> EXERCISE PROMPT
Reproduce everything from the line that contains "¹æ¾È¡¯¿¡ ´ëÇÑ Åä·Ðȸ¸¦ °³ÃÖÇß´Ù." down to the line that contains "- Sturdy engineered" in the listing below, word for word and nothing more. Leave the pictures out.

> RECORDS SUPPLIED
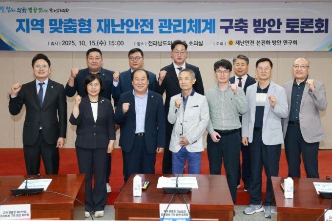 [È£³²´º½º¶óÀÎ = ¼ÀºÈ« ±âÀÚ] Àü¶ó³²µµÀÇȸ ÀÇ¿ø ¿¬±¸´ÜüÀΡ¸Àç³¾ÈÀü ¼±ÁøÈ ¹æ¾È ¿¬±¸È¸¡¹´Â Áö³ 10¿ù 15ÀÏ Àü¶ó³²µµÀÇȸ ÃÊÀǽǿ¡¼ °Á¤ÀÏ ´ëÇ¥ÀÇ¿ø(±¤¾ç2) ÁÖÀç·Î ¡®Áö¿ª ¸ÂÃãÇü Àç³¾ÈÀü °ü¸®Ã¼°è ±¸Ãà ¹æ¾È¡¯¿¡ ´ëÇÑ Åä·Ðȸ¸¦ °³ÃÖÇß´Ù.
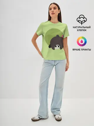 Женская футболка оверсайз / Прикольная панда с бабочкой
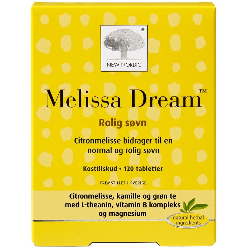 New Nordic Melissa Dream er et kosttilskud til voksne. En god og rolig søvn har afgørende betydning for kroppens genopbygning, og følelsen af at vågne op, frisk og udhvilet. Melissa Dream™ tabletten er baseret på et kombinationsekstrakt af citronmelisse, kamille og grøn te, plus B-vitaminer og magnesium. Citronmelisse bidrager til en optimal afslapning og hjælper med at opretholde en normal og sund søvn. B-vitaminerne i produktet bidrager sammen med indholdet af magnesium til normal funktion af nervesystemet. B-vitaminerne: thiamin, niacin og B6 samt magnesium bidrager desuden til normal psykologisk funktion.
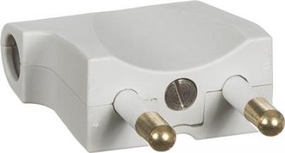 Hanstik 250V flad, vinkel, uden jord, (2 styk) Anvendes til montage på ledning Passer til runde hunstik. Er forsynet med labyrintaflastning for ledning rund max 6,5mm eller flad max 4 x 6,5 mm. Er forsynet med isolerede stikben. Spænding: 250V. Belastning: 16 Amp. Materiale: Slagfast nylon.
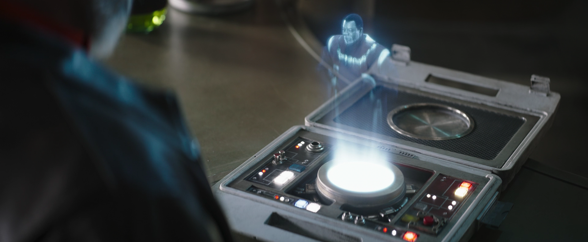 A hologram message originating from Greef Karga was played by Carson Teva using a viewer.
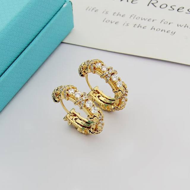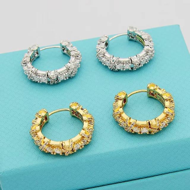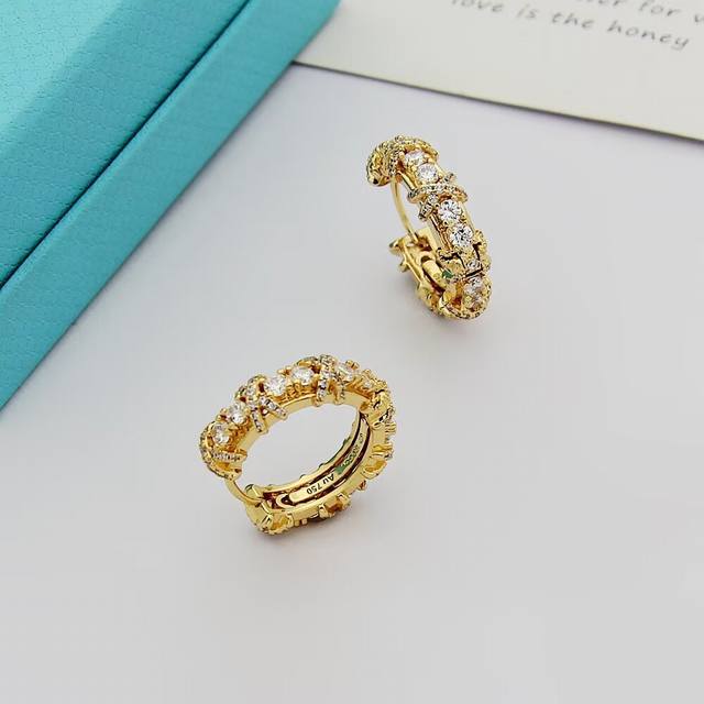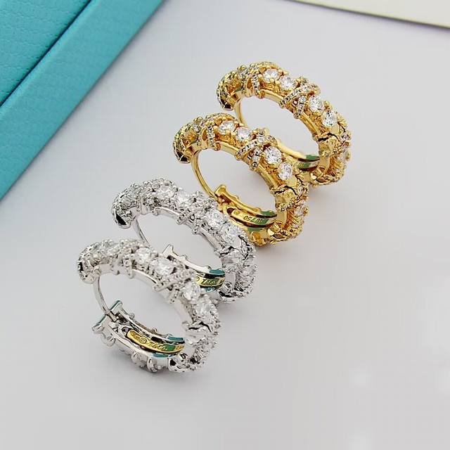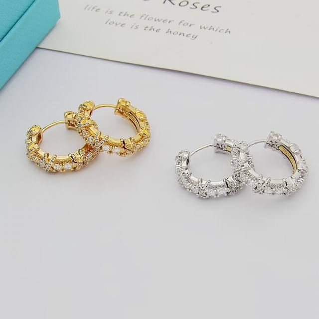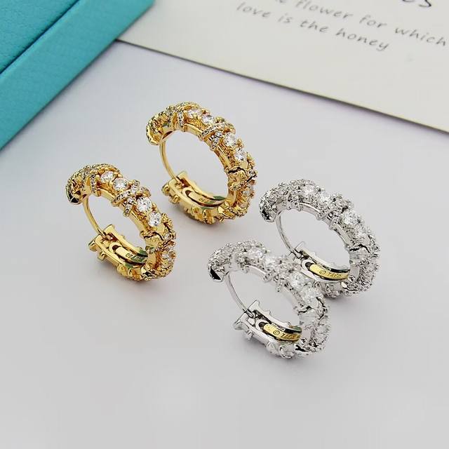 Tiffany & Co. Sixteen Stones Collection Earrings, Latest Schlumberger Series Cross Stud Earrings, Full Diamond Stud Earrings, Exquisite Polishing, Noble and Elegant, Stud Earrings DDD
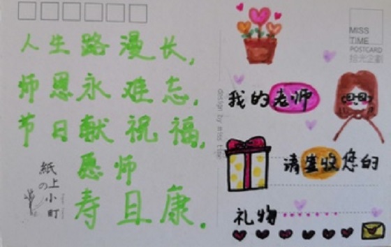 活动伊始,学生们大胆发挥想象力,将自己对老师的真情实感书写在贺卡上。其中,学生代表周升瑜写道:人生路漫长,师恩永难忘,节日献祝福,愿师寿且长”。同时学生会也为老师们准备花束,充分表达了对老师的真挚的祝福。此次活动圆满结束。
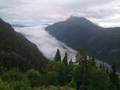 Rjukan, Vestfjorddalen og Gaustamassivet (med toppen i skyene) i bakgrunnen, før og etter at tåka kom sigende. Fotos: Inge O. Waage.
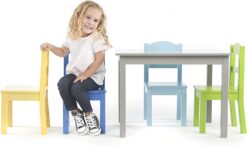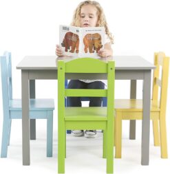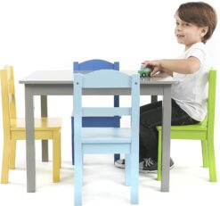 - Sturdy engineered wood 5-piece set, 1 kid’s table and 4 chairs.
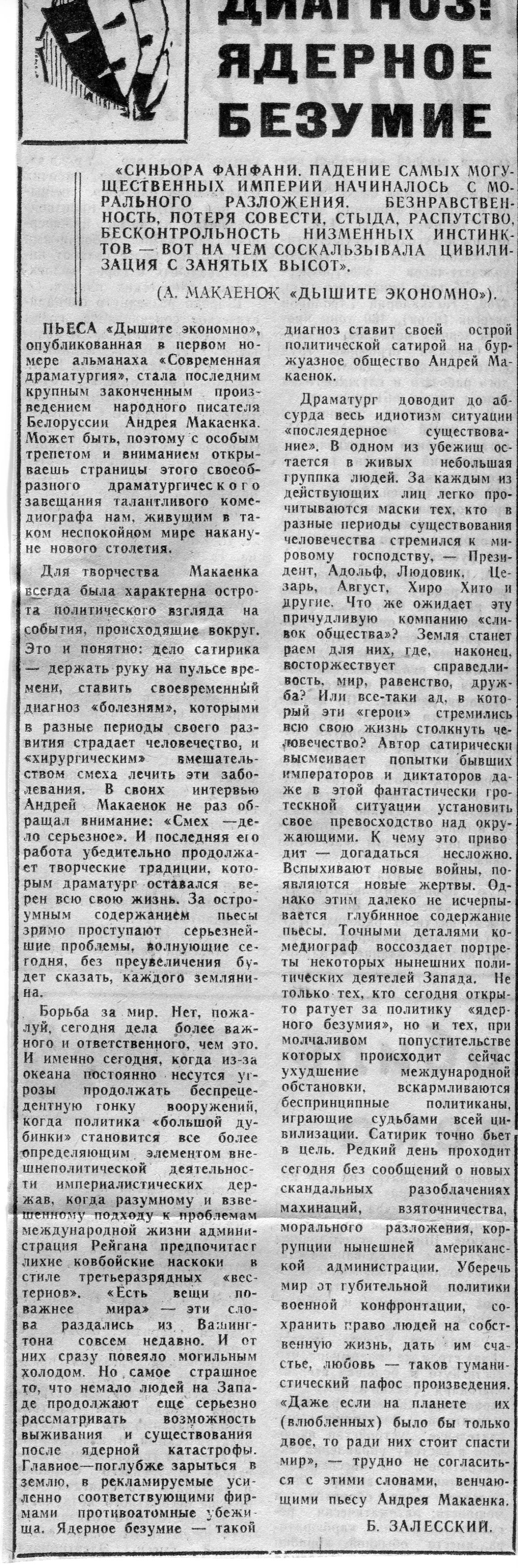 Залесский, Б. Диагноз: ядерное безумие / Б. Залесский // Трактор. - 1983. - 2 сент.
...
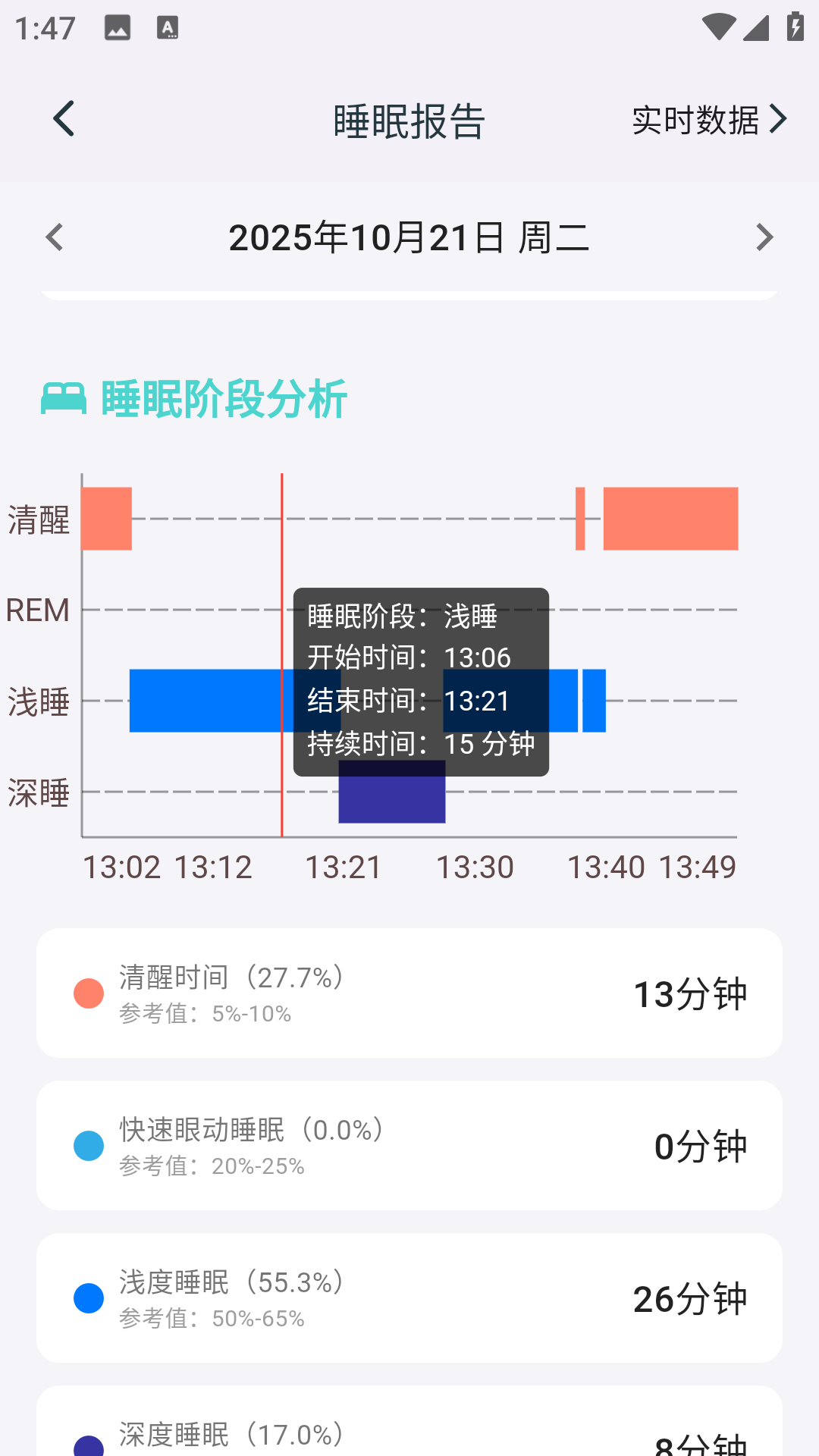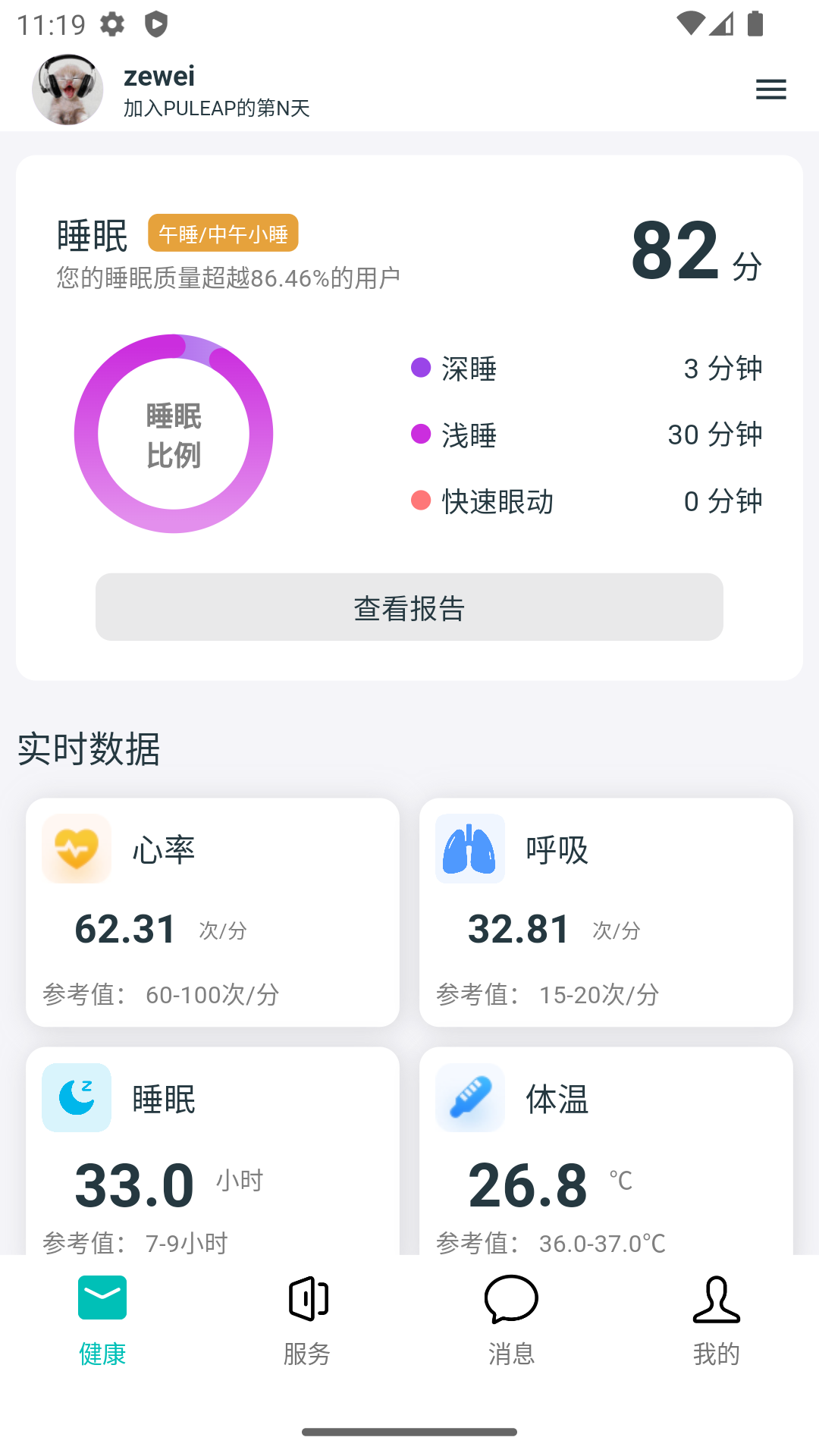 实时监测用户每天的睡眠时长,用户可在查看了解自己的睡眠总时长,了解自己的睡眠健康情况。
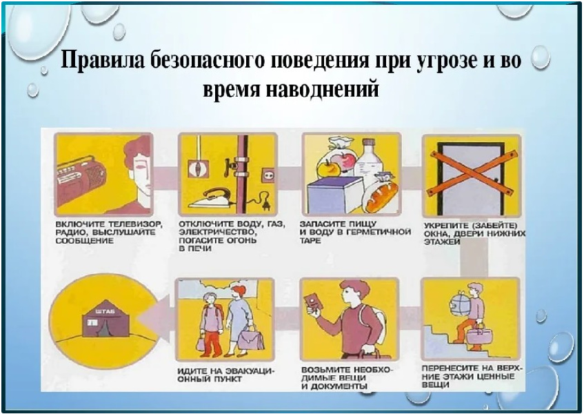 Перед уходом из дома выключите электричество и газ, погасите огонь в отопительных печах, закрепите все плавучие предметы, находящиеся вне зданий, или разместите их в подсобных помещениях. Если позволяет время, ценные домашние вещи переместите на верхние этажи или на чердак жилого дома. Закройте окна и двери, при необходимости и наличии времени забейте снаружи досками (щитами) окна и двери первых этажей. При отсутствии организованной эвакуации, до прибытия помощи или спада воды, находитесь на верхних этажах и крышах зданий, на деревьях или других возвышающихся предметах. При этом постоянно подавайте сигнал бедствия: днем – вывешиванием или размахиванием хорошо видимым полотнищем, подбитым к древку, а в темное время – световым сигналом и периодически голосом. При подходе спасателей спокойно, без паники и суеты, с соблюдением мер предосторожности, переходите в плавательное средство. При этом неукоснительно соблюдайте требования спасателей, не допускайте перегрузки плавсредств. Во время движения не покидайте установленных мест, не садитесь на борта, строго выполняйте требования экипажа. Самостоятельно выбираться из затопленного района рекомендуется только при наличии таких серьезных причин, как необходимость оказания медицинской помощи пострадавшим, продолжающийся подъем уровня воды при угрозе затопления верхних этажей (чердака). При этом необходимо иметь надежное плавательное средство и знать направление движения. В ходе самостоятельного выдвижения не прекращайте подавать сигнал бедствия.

> WORKED SOLUTION
 [È£³²´º½º¶óÀÎ = ¼ÀºÈ« ±âÀÚ] Àü¶ó³²µµÀÇȸ ÀÇ¿ø ¿¬±¸´ÜüÀΡ¸Àç³¾ÈÀü ¼±ÁøÈ ¹æ¾È ¿¬±¸È¸¡¹´Â Áö³ 10¿ù 15ÀÏ Àü¶ó³²µµÀÇȸ ÃÊÀǽǿ¡¼ °Á¤ÀÏ ´ëÇ¥ÀÇ¿ø(±¤¾ç2) ÁÖÀç·Î ¡®Áö¿ª ¸ÂÃãÇü Àç³¾ÈÀü °ü¸®Ã¼°è ±¸Ãà ¹æ¾È¡¯¿¡ ´ëÇÑ Åä·Ðȸ¸¦ °³ÃÖÇß´Ù.
 Женская футболка оверсайз / Прикольная панда с бабочкой
 New Nordic Melissa Dream er et kosttilskud til voksne. En god og rolig søvn har afgørende betydning for kroppens genopbygning, og følelsen af at vågne op, frisk og udhvilet. Melissa Dream™ tabletten er baseret på et kombinationsekstrakt af citronmelisse, kamille og grøn te, plus B-vitaminer og magnesium. Citronmelisse bidrager til en optimal afslapning og hjælper med at opretholde en normal og sund søvn. B-vitaminerne i produktet bidrager sammen med indholdet af magnesium til normal funktion af nervesystemet. B-vitaminerne: thiamin, niacin og B6 samt magnesium bidrager desuden til normal psykologisk funktion.
 Hanstik 250V flad, vinkel, uden jord, (2 styk) Anvendes til montage på ledning Passer til runde hunstik. Er forsynet med labyrintaflastning for ledning rund max 6,5mm eller flad max 4 x 6,5 mm. Er forsynet med isolerede stikben. Spænding: 250V. Belastning: 16 Amp. Materiale: Slagfast nylon.
 A hologram message originating from Greef Karga was played by Carson Teva using a viewer.
 Tiffany & Co. Sixteen Stones Collection Earrings, Latest Schlumberger Series Cross Stud Earrings, Full Diamond Stud Earrings, Exquisite Polishing, Noble and Elegant, Stud Earrings DDD
 活动伊始,学生们大胆发挥想象力,将自己对老师的真情实感书写在贺卡上。其中,学生代表周升瑜写道:人生路漫长,师恩永难忘,节日献祝福,愿师寿且长”。同时学生会也为老师们准备花束,充分表达了对老师的真挚的祝福。此次活动圆满结束。
 Rjukan, Vestfjorddalen og Gaustamassivet (med toppen i skyene) i bakgrunnen, før og etter at tåka kom sigende. Fotos: Inge O. Waage.
 - Sturdy engineered wood 5-piece set, 1 kid’s table and 4 chairs.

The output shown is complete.